> Assigned task
Take the line that contains "在家里的拐角处,依靠墙设计壁" and each one after it through the last line below, and retype them exactly. Leave out the pictures.

> Records shown
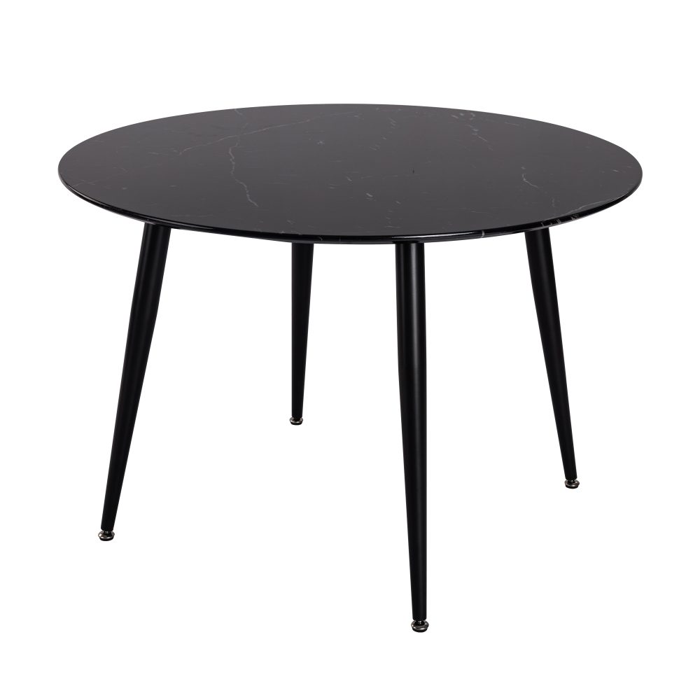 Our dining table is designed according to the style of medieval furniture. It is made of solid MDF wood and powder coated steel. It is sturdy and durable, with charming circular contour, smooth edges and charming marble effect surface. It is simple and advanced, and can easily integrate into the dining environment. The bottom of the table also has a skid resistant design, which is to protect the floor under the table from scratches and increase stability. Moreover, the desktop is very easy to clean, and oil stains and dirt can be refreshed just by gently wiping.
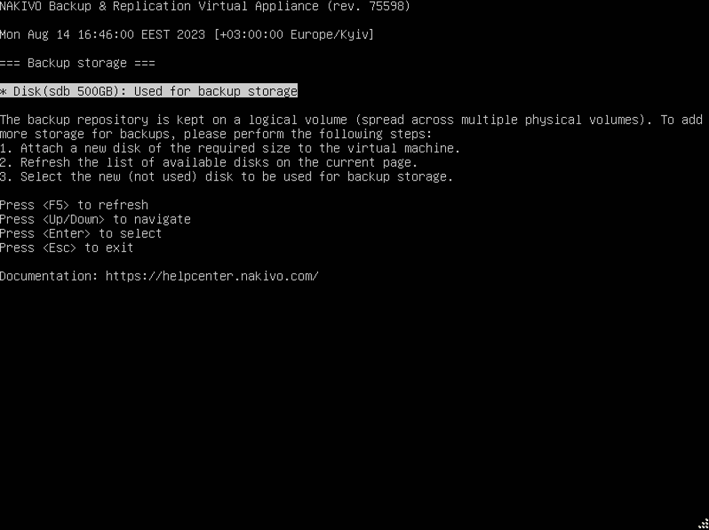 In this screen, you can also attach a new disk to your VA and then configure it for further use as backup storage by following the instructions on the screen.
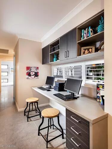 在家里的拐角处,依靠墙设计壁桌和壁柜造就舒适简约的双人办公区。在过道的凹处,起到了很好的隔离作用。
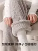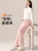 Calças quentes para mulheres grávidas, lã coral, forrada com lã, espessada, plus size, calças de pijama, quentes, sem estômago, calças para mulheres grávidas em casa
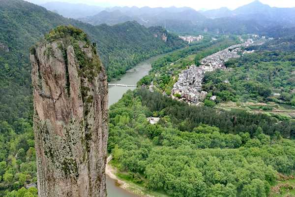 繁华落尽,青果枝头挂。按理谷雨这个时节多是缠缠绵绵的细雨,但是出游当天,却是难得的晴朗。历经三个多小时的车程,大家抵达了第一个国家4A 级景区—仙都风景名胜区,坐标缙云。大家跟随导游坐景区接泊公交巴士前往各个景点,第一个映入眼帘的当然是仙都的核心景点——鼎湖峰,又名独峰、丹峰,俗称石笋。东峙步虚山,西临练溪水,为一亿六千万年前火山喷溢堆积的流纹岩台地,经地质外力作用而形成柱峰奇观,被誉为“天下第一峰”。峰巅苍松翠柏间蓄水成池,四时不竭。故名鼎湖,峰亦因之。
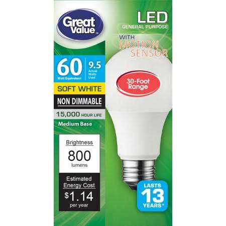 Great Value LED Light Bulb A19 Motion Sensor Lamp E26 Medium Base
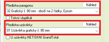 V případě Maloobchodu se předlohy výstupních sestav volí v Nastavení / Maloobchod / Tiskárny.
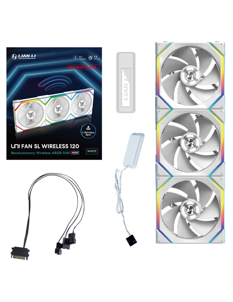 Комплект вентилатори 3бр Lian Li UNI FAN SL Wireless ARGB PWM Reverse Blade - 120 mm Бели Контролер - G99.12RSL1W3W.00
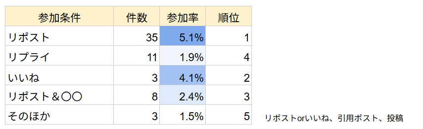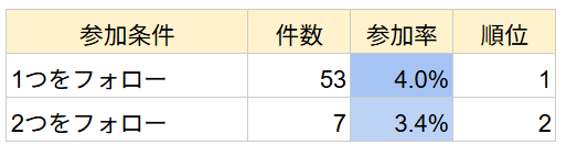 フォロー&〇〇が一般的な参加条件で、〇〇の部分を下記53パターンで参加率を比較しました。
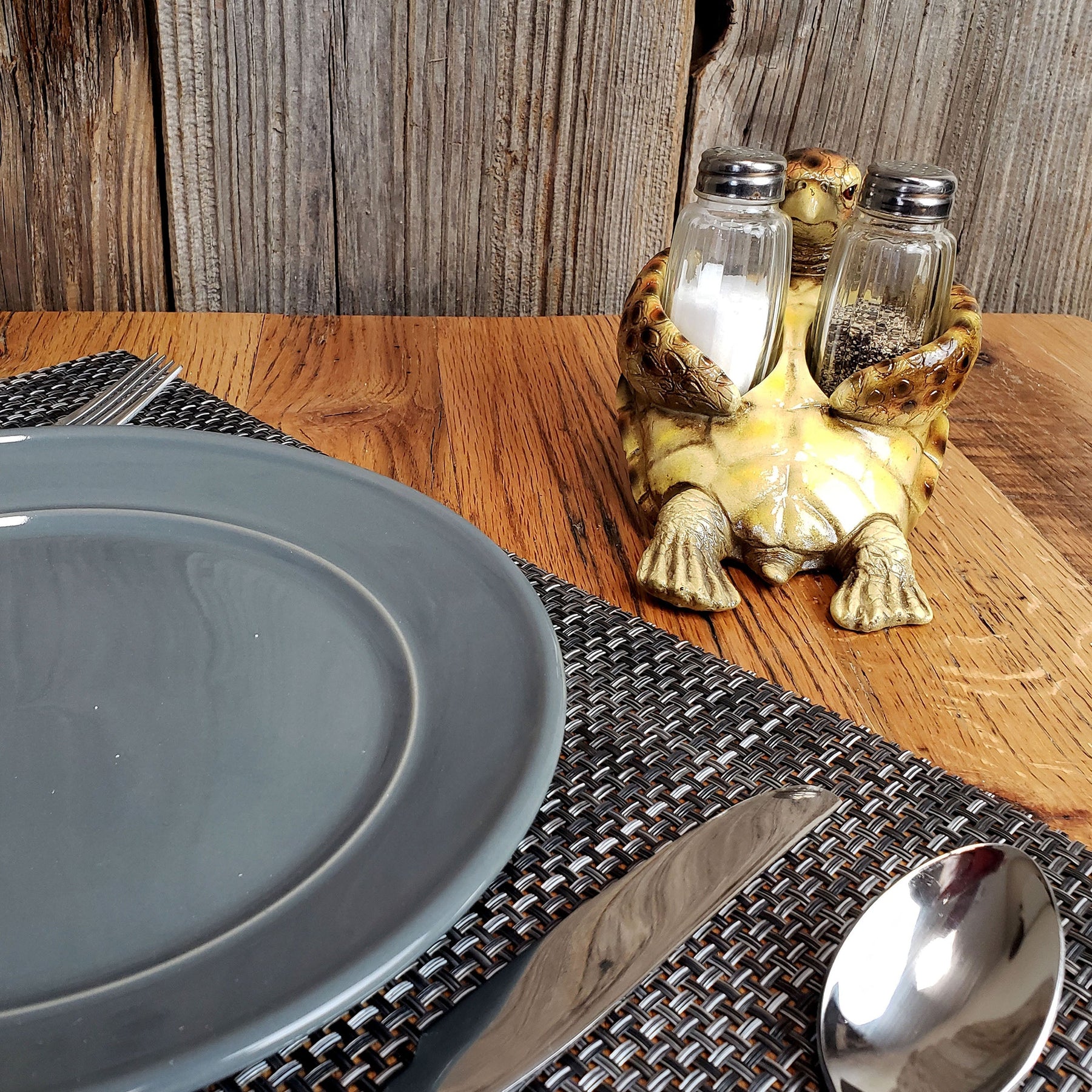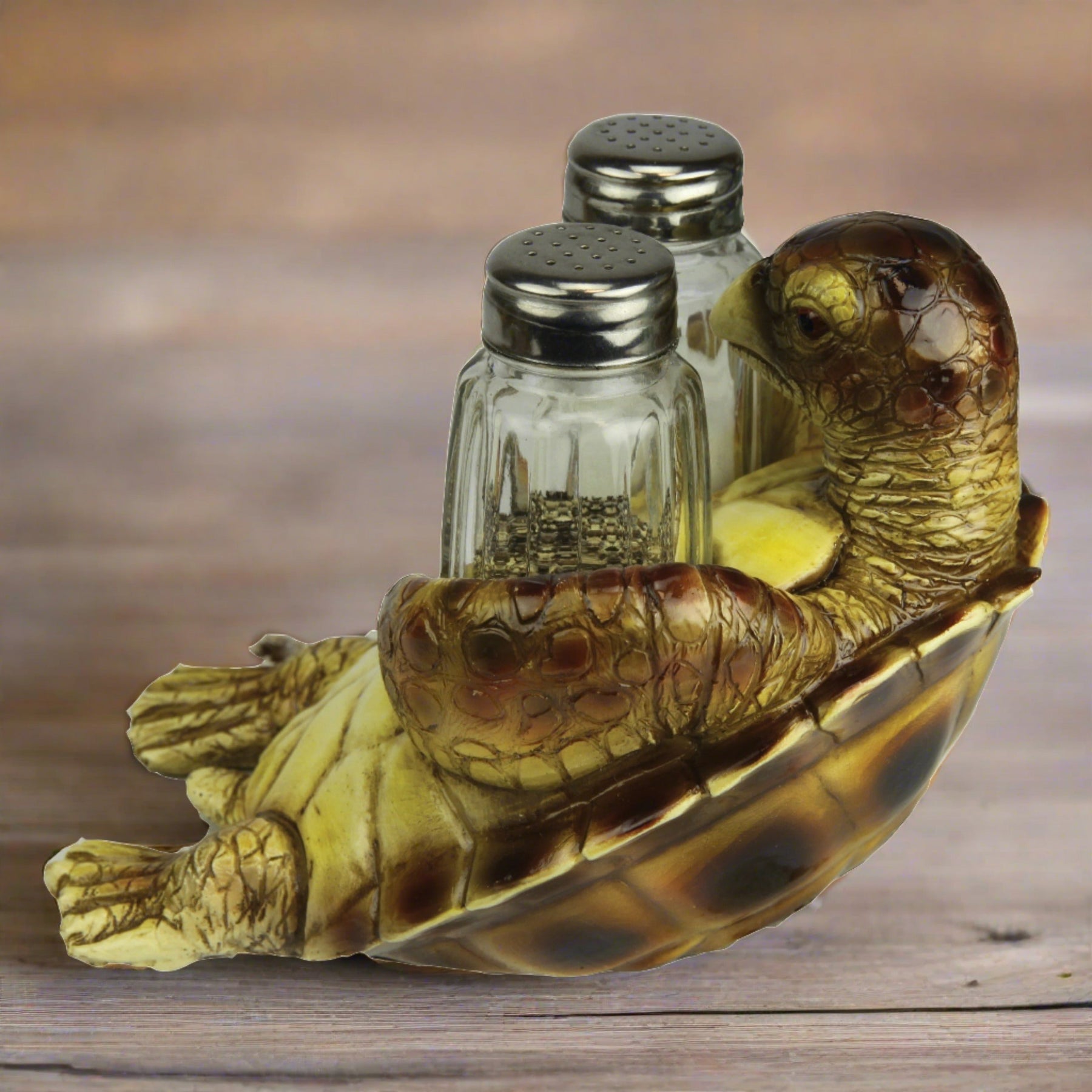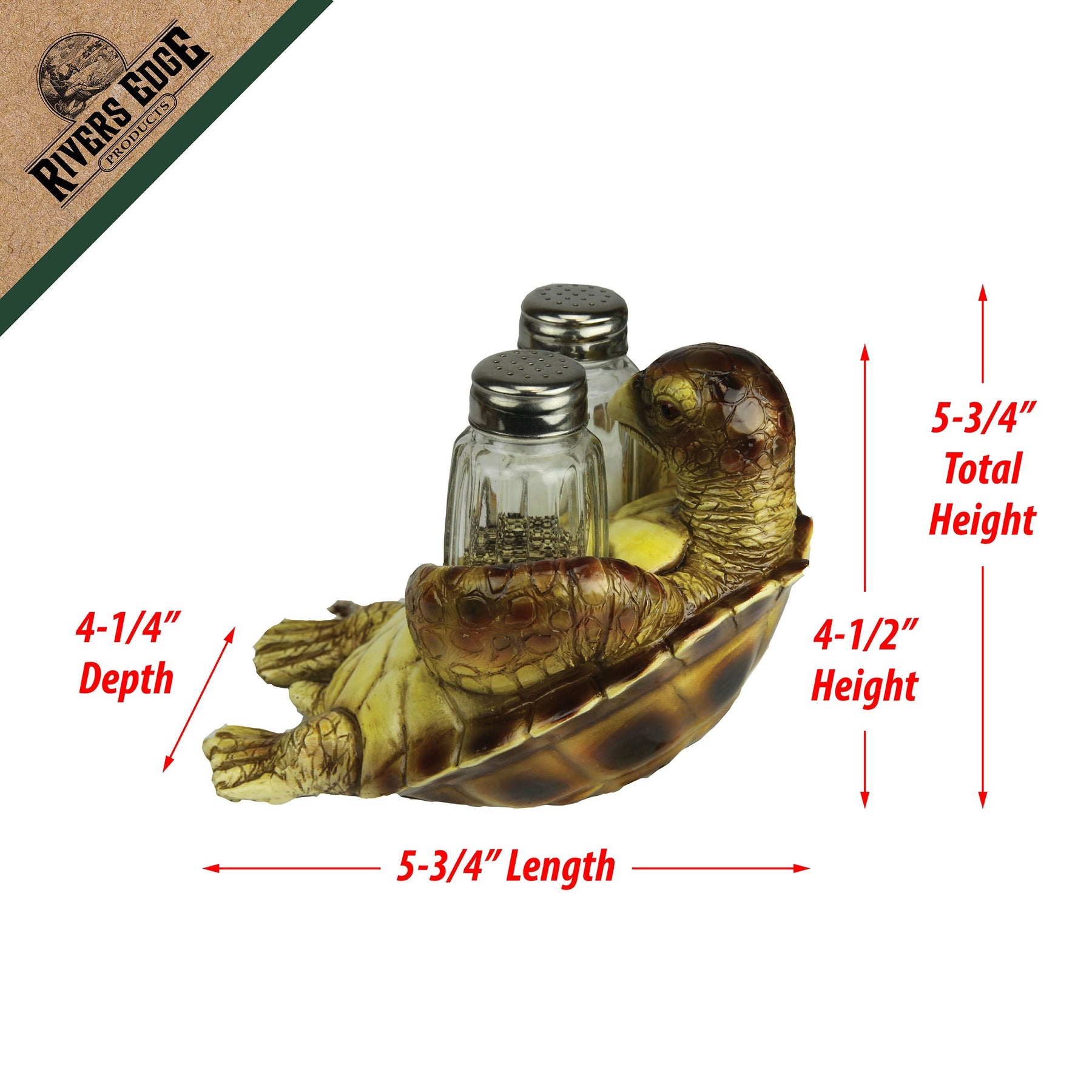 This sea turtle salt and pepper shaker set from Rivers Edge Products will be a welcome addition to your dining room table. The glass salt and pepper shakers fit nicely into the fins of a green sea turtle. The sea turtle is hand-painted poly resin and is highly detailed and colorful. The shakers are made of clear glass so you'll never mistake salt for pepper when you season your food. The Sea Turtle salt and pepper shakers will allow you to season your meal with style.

> Solved exercise
 在家里的拐角处,依靠墙设计壁桌和壁柜造就舒适简约的双人办公区。在过道的凹处,起到了很好的隔离作用。
 Calças quentes para mulheres grávidas, lã coral, forrada com lã, espessada, plus size, calças de pijama, quentes, sem estômago, calças para mulheres grávidas em casa
 繁华落尽,青果枝头挂。按理谷雨这个时节多是缠缠绵绵的细雨,但是出游当天,却是难得的晴朗。历经三个多小时的车程,大家抵达了第一个国家4A 级景区—仙都风景名胜区,坐标缙云。大家跟随导游坐景区接泊公交巴士前往各个景点,第一个映入眼帘的当然是仙都的核心景点——鼎湖峰,又名独峰、丹峰,俗称石笋。东峙步虚山,西临练溪水,为一亿六千万年前火山喷溢堆积的流纹岩台地,经地质外力作用而形成柱峰奇观,被誉为“天下第一峰”。峰巅苍松翠柏间蓄水成池,四时不竭。故名鼎湖,峰亦因之。
 Great Value LED Light Bulb A19 Motion Sensor Lamp E26 Medium Base
 V případě Maloobchodu se předlohy výstupních sestav volí v Nastavení / Maloobchod / Tiskárny.
 Комплект вентилатори 3бр Lian Li UNI FAN SL Wireless ARGB PWM Reverse Blade - 120 mm Бели Контролер - G99.12RSL1W3W.00
 フォロー&〇〇が一般的な参加条件で、〇〇の部分を下記53パターンで参加率を比較しました。
 This sea turtle salt and pepper shaker set from Rivers Edge Products will be a welcome addition to your dining room table. The glass salt and pepper shakers fit nicely into the fins of a green sea turtle. The sea turtle is hand-painted poly resin and is highly detailed and colorful. The shakers are made of clear glass so you'll never mistake salt for pepper when you season your food. The Sea Turtle salt and pepper shakers will allow you to season your meal with style.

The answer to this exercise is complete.